Given past history and the current constrained budget environment, it is likely that a joint strategy will be seriously considered for any future sixth-generation fighter acquisition program. Joint programs, in which two or more services participate in the development, procurement, and support of a single baseline design, are thought to save life-cycle costs by eliminating duplicative research, development, testing, and evaluation activities and by achieving economies of scale in both the production and the operations and support of the aircraft.

However, recent research from RAND Project AIR FORCE finds that the need to accommodate different service requirements in a single design or common design family can lead to greater program complexity, increased technical risk, and combined functionality and weight in excess of what any individual service requires. These factors can increase the total life-cycle cost of a system, despite the efficiencies gained.

In short, we find no evidence that historical joint aircraft programs have saved money. We also find that joint aircraft programs have obliged the services to accept unwelcome design compromises, have contributed to the shrinking of the military aircraft industrial base, and might have heightened the strategic and operational risks for the services and their pilots. Consequently, unless the participating services have identical and stable requirements, the Defense Department should avoid taking a joint approach to acquiring future fighter and other complex aircraft.

Same joint origin, separate service aircraft: Although arising from the same joint aircraft program, the types of aircraft shown here evolved into two distinct platforms having no commonality: the U.S. Navy F/A-18A "Hornet," also known as the Blue Angel, and the U.S. Air Force F-16A "Fighting Falcon."

U.S. Navy F/A-18A Hornet, aka the Blue Angel

U.S. Navy Photo by Photographer's Mate 2nd Class Saul McSween

U.S. Air Force F-16A Fighting Falcon

U.S. Air Force Photo by Tech. Sgt. Michael Ammons

Higher Cost Growth Offsets Joint Program Savings

Although it is typical for major acquisition programs to experience some cost growth in the development and procurement phases, the cost growth for joint aircraft programs, on average, has been significantly higher than for single-service programs.

The cost growth for joint aircraft programs, on average, has been significantly higher than for single-service programs.

We compared the acquisition cost estimates for America's four most recent joint military aircraft programs and its four most recent single-service military aircraft programs. The four joint programs are the T-6A Joint Primary Aircraft Training System, the E-8 Joint Surveillance Target Attack Radar System, the V-22 Osprey, and the F-35 Joint Strike Fighter. The four single-service programs are the C-17 airlifter, the F/A-18E/F fighter, the F-22 fighter, and the T-45 trainer. These eight aircraft represent all the major U.S. military aircraft acquisition programs launched since the mid-1980s, with the exception of highly classified programs, for which the cost data are not available in a comparable format.

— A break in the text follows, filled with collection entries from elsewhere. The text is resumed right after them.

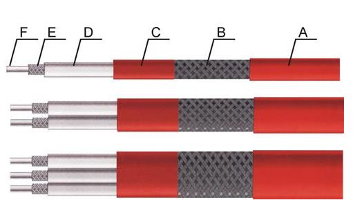 串聯恒功率電伴熱帶也由五個部分組成:1、鍍錫銅絞線 2、芯線絕緣護套 3、內護套 4、編織層 5、外護套 。
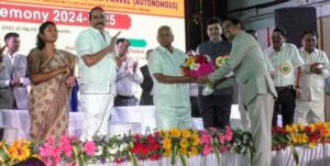पनवेल प्रतिनिधी : जनार्दन भगत शिक्षण प्रसारक संस्थेच्या खांदा कॉलनी येथील चांगु काना ठाकूर आर्टस्, कॉमर्स अँड सायन्स महाविद्यालयाचा (स्वायत्त) वार्षिक पारितोषिक वितरण समारंभ आणि दर्पण २०२४-२५ सोहळा मोठ्या उत्साहात संपन्न झाला. या प्रसंगी पहिल्या सत्रात विद्यार्थ्यांचे विशेष अभिनंदन करण्यासाठी प्रमुख अतिथी म्हणून सातारा येथील कर्मवीर भाऊराव पाटील विद्यापीठाचे कुलगुरू प्रो. डॉ. ज्ञानदेव म्हस्के, जनार्दन भगत शिक्षण प्रसारक संस्थेचे चेअरमन माजी खासदार लोकनेते रामशेठ ठाकूर यांची विशेष उपस्थिती लाभली.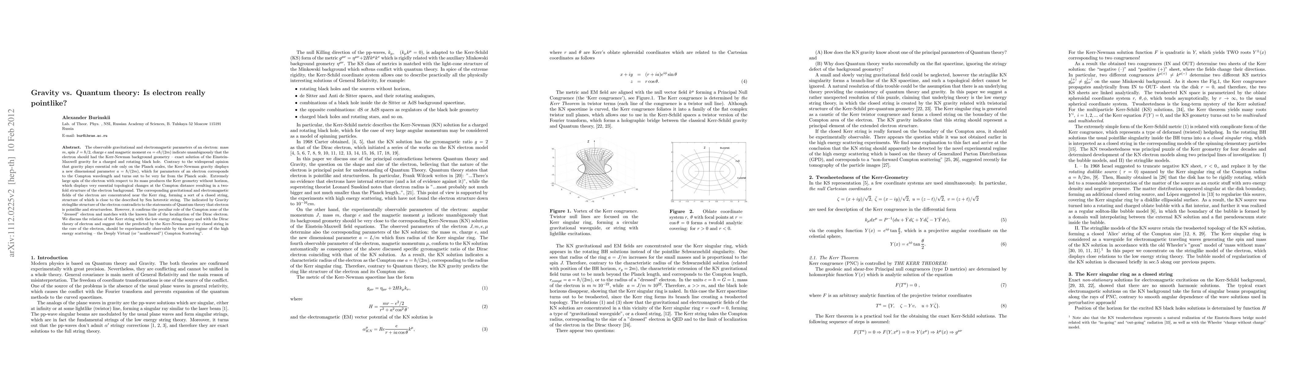 The electron's spin produces a Kerr geometry without horizon, indicating it has a string-like structure, contradicting the pointlike assumption of Quantum theory.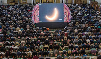 Cientos de fieles musulmanes rezan ante la imagen del eclipse anular solar.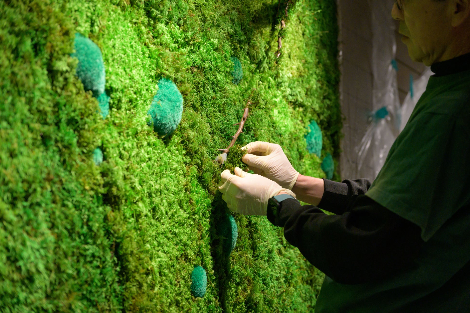 【星野リゾート 奥入瀬渓流ホテル】奥入瀬渓流の大自然を苔で表現した、特別デザインの「おいらせ苔アートウォール」誕生|作品完成日:2023年11⽉24⽇

The key benchmark in military acquisition programs is Milestone B. Milestone B marks the point at which an acquisition program has permission to move from the preliminary design stage into engineering and manufacturing development. The historical record reveals a wide chasm between single-service and joint aircraft programs in cost growth following Milestone B. Over time, a substantial "joint acquisition cost growth premium" becomes evident. Even assuming an ideal joint program in which two services acquire equal numbers of identical fighters, the maximum estimated savings in acquisition costs before cost growth would be negated by the joint acquisition cost growth premium.

Our analysis did find that, under ideal conditions, joint aircraft programs can save money on operations and support costs. An ideal joint fighter program, involving two services that procure equal numbers of identical aircraft and share 100 percent of all support assets and infrastructure, could save a maximum of about 3 percent of these costs. An ideal program involving three services could save a maximum of 4.7 percent of these costs.

But overall, given the range of joint acquisition cost growth premiums experienced by historical programs, we find no evidence that even the maximum operations and support savings would result in lower life-cycle cost in a joint aircraft program.

Reconciling Unique Service Requirements Adds Complexity, Cost

The need to accommodate requirements unique to each service contributes to the joint cost-growth premium. There is an inherent tension between the pursuit of system commonality — the primary source of joint savings — and the fulfillment of service-specific needs. Each of the services has unique capability requirements based on different operating environments, missions, doctrines, and operational concepts.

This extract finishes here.